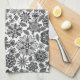 Kitchen Towel and home decor accessory printed with Black And Gray On White Retro Floral Art Seamless Pattern original hand drawn graphic design artwork illustration by TheFabricSeal print on demand shop at Zazzle.com #ZazzleMade ©️Original. https://www.zazzle.com/store/thefabricseal
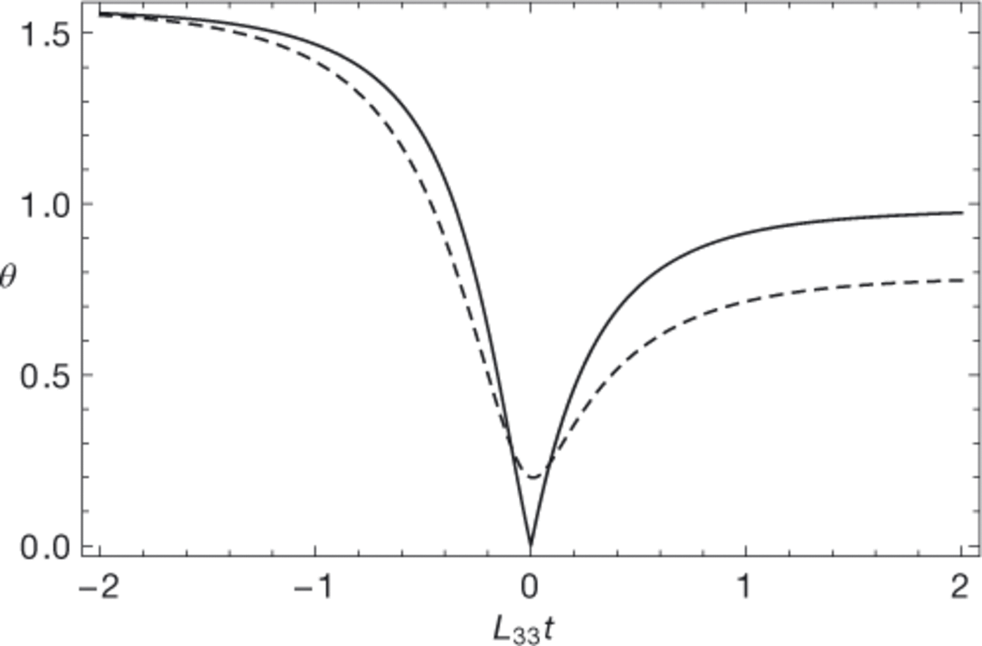 on the half-axis with L33t > 0. Thus, if the motion is dominated by shear, L13 » L13, both asymptotes are close to π/2, whereas for L13 ≈ L33 significantly lower asymptotes are possible. If ϕ0 = 0 or ϕ0 = π (depending on the sign of L33) or θ 0 = 0, the tilt reaches a minimum of θ = 0 and has a kink at the minimum (solid line in Fig. 1). In all other cases the minimum is greater than zero and is passed smoothly; in these cases e never reaches a vertical position.
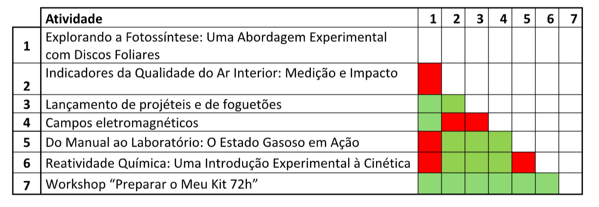 Os emparelhamentos de atividades marcados em verde são possíveis;
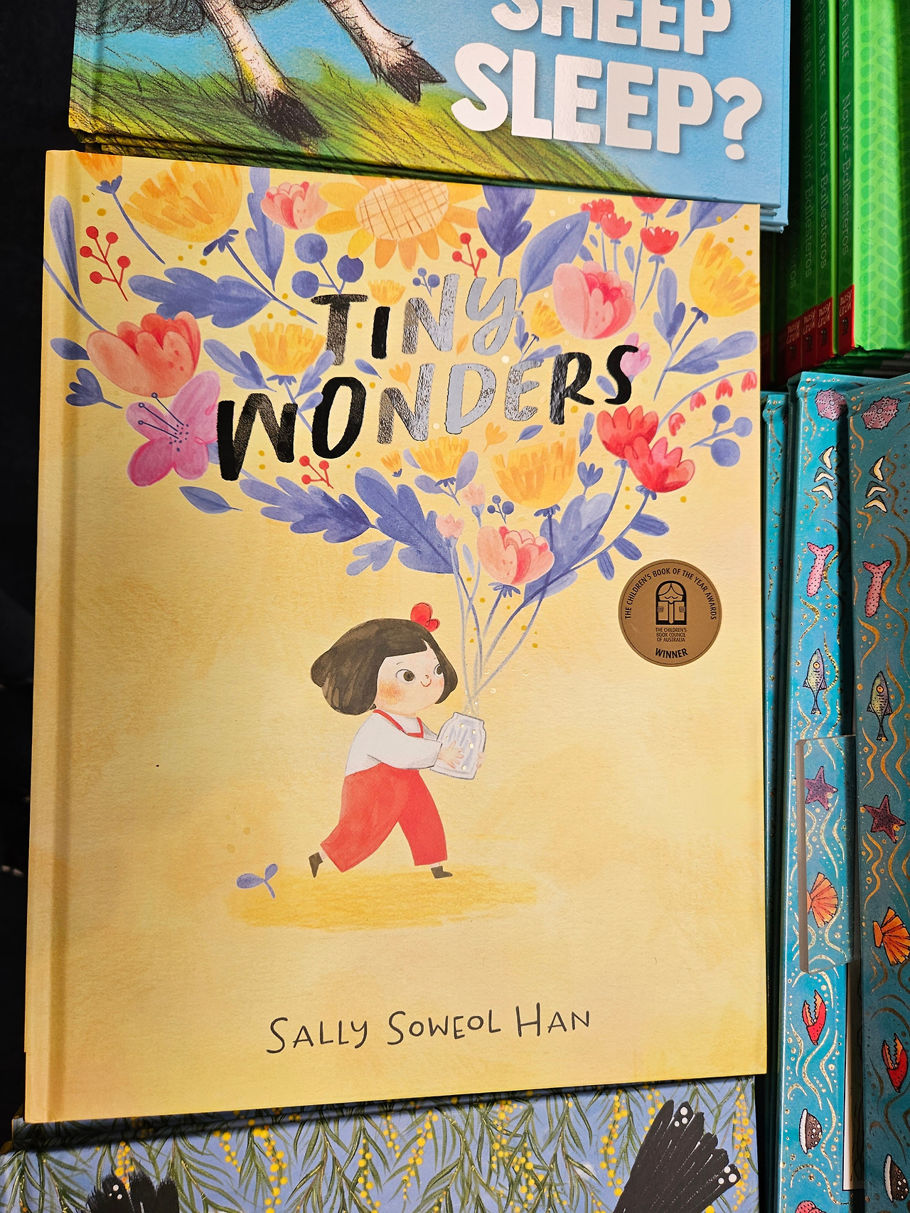 서점에 다다르니 아이보리 색을 바탕으로 예쁜 파란색의 책장들이 나를 반겼다. 서점을 천천히 둘러보다가 역시나 나는 가장 안 쪽에 자리 잡고 있는 어린이서적 섹션으로 자연스럽게 빨려 들어갔다. 많은 동화책들 중 나의 눈을 사로잡았던 것은 한국 작가 분의 동화책이었다. Tiny Wonders라는 책으로 귀여운 꼬마아이의 무언가 설레어하는 모습이 표지를 장식하고 있었다.
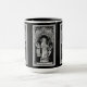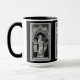 Esta imagen en blanco y negro es una elaboración de 1889 de un prototipo de cromolitografía de 1878. (Ver nuestra huella dorada a todo color de San José, Protector de la Iglesia, COLLECTION [VVP 09]). Su publicación coincidió con la promulgación de una "Oración a San José", escrita por el Papa León XIII. Se incluyó en su encíclica conocida por sus palabras iniciales en latín como "Quamquam Pluries" (Quamquam Pluries), es decir, "Aunque muchas veces..." sobre devoción a ese santo. + Aquí, San José se representa contra un cielo estrellado en un marco arquitectónico eclesiástico de estilo gótico. Sostiene un rociado de lirios que simbolizan la pureza en la mano derecha y el gobierno de un carpintero en forma de L, indicativo de su profesión en la izquierda. + Además de estos atributos tradicionales, sin embargo, varios elementos de la composición hablan directamente de su papel como patrocinador de la Iglesia, entre ellos, en particular, varios textos en latín. A la izquierda, un ángel descendente despliega un pergamino que dice: "Anno Domini 1870 muere VIII decembris, Pius PP.IX, beatum patriarcham Josephum Ecclesiae catholicae patronum solemniter declaravit", es decir, "En el año de nuestro Señor 1870, el octavo día de diciembre, Papa piélago IX declaró solemnemente al bendito patriarca Joseph patrocinador de la Iglesia Católica". A la derecha, en el campo sobre otro ángel descendente hay un banderol que dice: "Constituit me dominum" y luego boca abajo "domus sua(e)", o "Me nombró supervisor de su propia casa". Aunque no es una cita directa de la versión latina de la Biblia conocida como el Vulgate, este texto recuerda el Génesis 39.4 y el Génesis 41.40. Estos dos versos se refieren al antiguo Testamento de San José, el anterior José del Escudo de Muchos Colores que fue puesto a cargo primero de la casa de Potipher, luego del faraón, durante su estancia en Egipto. Y en su halo están inscritas las palabras "Santo José: Patrono Ecclesiae:OPN [Ora Pro Nobis]", es decir, "San José, Patrono de la Iglesia, Reza por nosotros". + Los elementos visuales refuerzan el lenguaje verbal. El segundo ángel descendente muestra un escudo de armas papal genérico con la corona o tiara de tres niveles del Papa y dos llaves cruzadas, las "llaves del Reino del Cielo" (Mateo 16:19). Emanando del escudo, los rayos de luz apuntan a un pequeño dragón, una corona, un pergamino y un globo grabado con los nombres de los continentes poblados: Asia, Australia, América (del Norte y del Sur), África y Europa. El dragón significa Satanás; el pergamino dice: "No servirán", es decir, "no servirán", frase que resume el rechazo de Satanás a Dios. (En algunos periódicos, la palabra ‘Liberalismo’ aparece debajo de las palabras de Satanás.) La imponente figura de San José pisotea el poder de Satanás sobre el mundo aplastando al dragón bajo sus pies derribando la corona de la cabeza del dragón. + Rojo es el acento tradicional y el color de borde para las impresiones devocionales de este estilo. + Esta imagen existe en varias variaciones: con o sin marcos (marcos, donde existen, van desde una simple caja roja hasta embellecimientos de impresoras multielemento), con o sin acentos rojos, con las palabras ‘Ora pro nobis’ escritas o abreviadas, y con o sin la palabra ‘Liberalismo’ en el desplazamiento de Satanás como ya se ha señalado. + Crédito de la imagen (DT 01 ): litografía antigua de Sancte Joseph, Patronus Ecclesiae [San José, Patrono de la Iglesia], publicada originalmente por Desclée, Lefebvre et Cie, Tournai, Bélgica, 1889, de la colección privada de ephemera religiosa del diseñador.
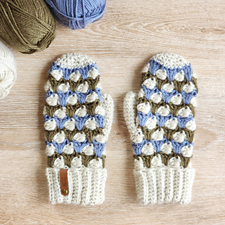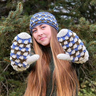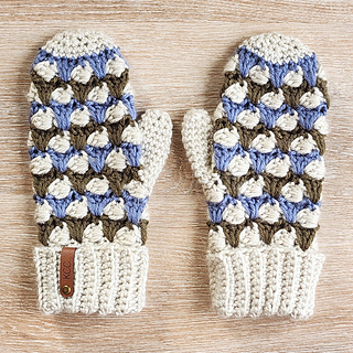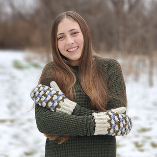 The Timber Hill Mittens will keep your hands warm all winter long! They are made with worsted weight yarn in a striped pattern. The distinctive design is created with cluster stitches and spike stitches. The mittens have a warm double cuff, and instructions are also given for making a fingerless mitts version.
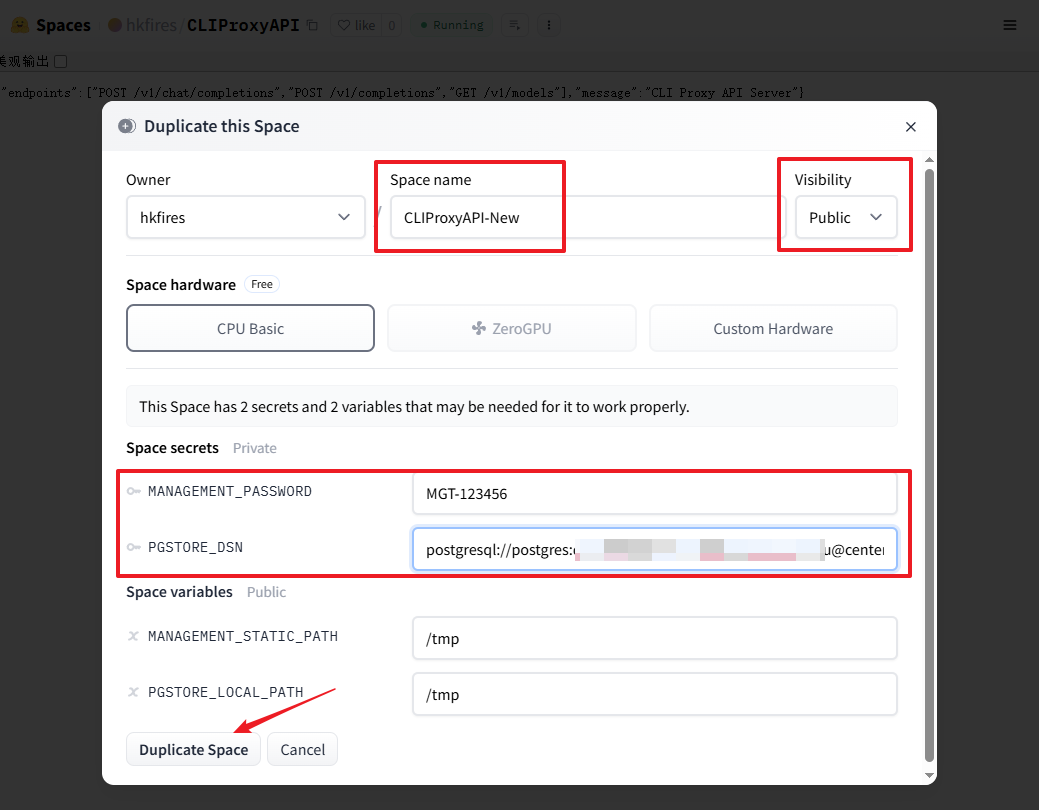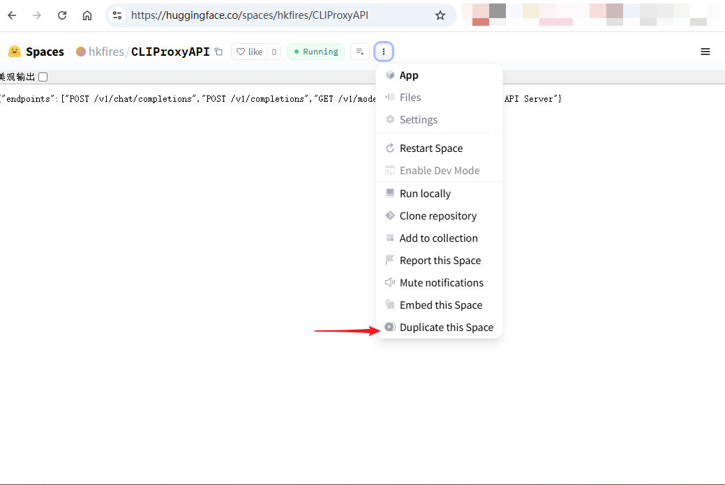 首先,请访问我预先建立好的 CLIProxyAPI 项目模板,然后如下图所示,点击下拉菜单中的 Duplicate this Space 来复制项目

--- --- ---

Assignment
Copy all entries exactly; skip pictures.

Answer section
 Kitchen Towel and home decor accessory printed with Black And Gray On White Retro Floral Art Seamless Pattern original hand drawn graphic design artwork illustration by TheFabricSeal print on demand shop at Zazzle.com #ZazzleMade ©️Original. https://www.zazzle.com/store/thefabricseal
 on the half-axis with L33t > 0. Thus, if the motion is dominated by shear, L13 » L13, both asymptotes are close to π/2, whereas for L13 ≈ L33 significantly lower asymptotes are possible. If ϕ0 = 0 or ϕ0 = π (depending on the sign of L33) or θ 0 = 0, the tilt reaches a minimum of θ = 0 and has a kink at the minimum (solid line in Fig. 1). In all other cases the minimum is greater than zero and is passed smoothly; in these cases e never reaches a vertical position.
 Os emparelhamentos de atividades marcados em verde são possíveis;
 서점에 다다르니 아이보리 색을 바탕으로 예쁜 파란색의 책장들이 나를 반겼다. 서점을 천천히 둘러보다가 역시나 나는 가장 안 쪽에 자리 잡고 있는 어린이서적 섹션으로 자연스럽게 빨려 들어갔다. 많은 동화책들 중 나의 눈을 사로잡았던 것은 한국 작가 분의 동화책이었다. Tiny Wonders라는 책으로 귀여운 꼬마아이의 무언가 설레어하는 모습이 표지를 장식하고 있었다.
 Esta imagen en blanco y negro es una elaboración de 1889 de un prototipo de cromolitografía de 1878. (Ver nuestra huella dorada a todo color de San José, Protector de la Iglesia, COLLECTION [VVP 09]). Su publicación coincidió con la promulgación de una "Oración a San José", escrita por el Papa León XIII. Se incluyó en su encíclica conocida por sus palabras iniciales en latín como "Quamquam Pluries" (Quamquam Pluries), es decir, "Aunque muchas veces..." sobre devoción a ese santo. + Aquí, San José se representa contra un cielo estrellado en un marco arquitectónico eclesiástico de estilo gótico. Sostiene un rociado de lirios que simbolizan la pureza en la mano derecha y el gobierno de un carpintero en forma de L, indicativo de su profesión en la izquierda. + Además de estos atributos tradicionales, sin embargo, varios elementos de la composición hablan directamente de su papel como patrocinador de la Iglesia, entre ellos, en particular, varios textos en latín. A la izquierda, un ángel descendente despliega un pergamino que dice: "Anno Domini 1870 muere VIII decembris, Pius PP.IX, beatum patriarcham Josephum Ecclesiae catholicae patronum solemniter declaravit", es decir, "En el año de nuestro Señor 1870, el octavo día de diciembre, Papa piélago IX declaró solemnemente al bendito patriarca Joseph patrocinador de la Iglesia Católica". A la derecha, en el campo sobre otro ángel descendente hay un banderol que dice: "Constituit me dominum" y luego boca abajo "domus sua(e)", o "Me nombró supervisor de su propia casa". Aunque no es una cita directa de la versión latina de la Biblia conocida como el Vulgate, este texto recuerda el Génesis 39.4 y el Génesis 41.40. Estos dos versos se refieren al antiguo Testamento de San José, el anterior José del Escudo de Muchos Colores que fue puesto a cargo primero de la casa de Potipher, luego del faraón, durante su estancia en Egipto. Y en su halo están inscritas las palabras "Santo José: Patrono Ecclesiae:OPN [Ora Pro Nobis]", es decir, "San José, Patrono de la Iglesia, Reza por nosotros". + Los elementos visuales refuerzan el lenguaje verbal. El segundo ángel descendente muestra un escudo de armas papal genérico con la corona o tiara de tres niveles del Papa y dos llaves cruzadas, las "llaves del Reino del Cielo" (Mateo 16:19). Emanando del escudo, los rayos de luz apuntan a un pequeño dragón, una corona, un pergamino y un globo grabado con los nombres de los continentes poblados: Asia, Australia, América (del Norte y del Sur), África y Europa. El dragón significa Satanás; el pergamino dice: "No servirán", es decir, "no servirán", frase que resume el rechazo de Satanás a Dios. (En algunos periódicos, la palabra ‘Liberalismo’ aparece debajo de las palabras de Satanás.) La imponente figura de San José pisotea el poder de Satanás sobre el mundo aplastando al dragón bajo sus pies derribando la corona de la cabeza del dragón. + Rojo es el acento tradicional y el color de borde para las impresiones devocionales de este estilo. + Esta imagen existe en varias variaciones: con o sin marcos (marcos, donde existen, van desde una simple caja roja hasta embellecimientos de impresoras multielemento), con o sin acentos rojos, con las palabras ‘Ora pro nobis’ escritas o abreviadas, y con o sin la palabra ‘Liberalismo’ en el desplazamiento de Satanás como ya se ha señalado. + Crédito de la imagen (DT 01 ): litografía antigua de Sancte Joseph, Patronus Ecclesiae [San José, Patrono de la Iglesia], publicada originalmente por Desclée, Lefebvre et Cie, Tournai, Bélgica, 1889, de la colección privada de ephemera religiosa del diseñador.
 The Timber Hill Mittens will keep your hands warm all winter long! They are made with worsted weight yarn in a striped pattern. The distinctive design is created with cluster stitches and spike stitches. The mittens have a warm double cuff, and instructions are also given for making a fingerless mitts version.
 首先,请访问我预先建立好的 CLIProxyAPI 项目模板,然后如下图所示,点击下拉菜单中的 Duplicate this Space 来复制项目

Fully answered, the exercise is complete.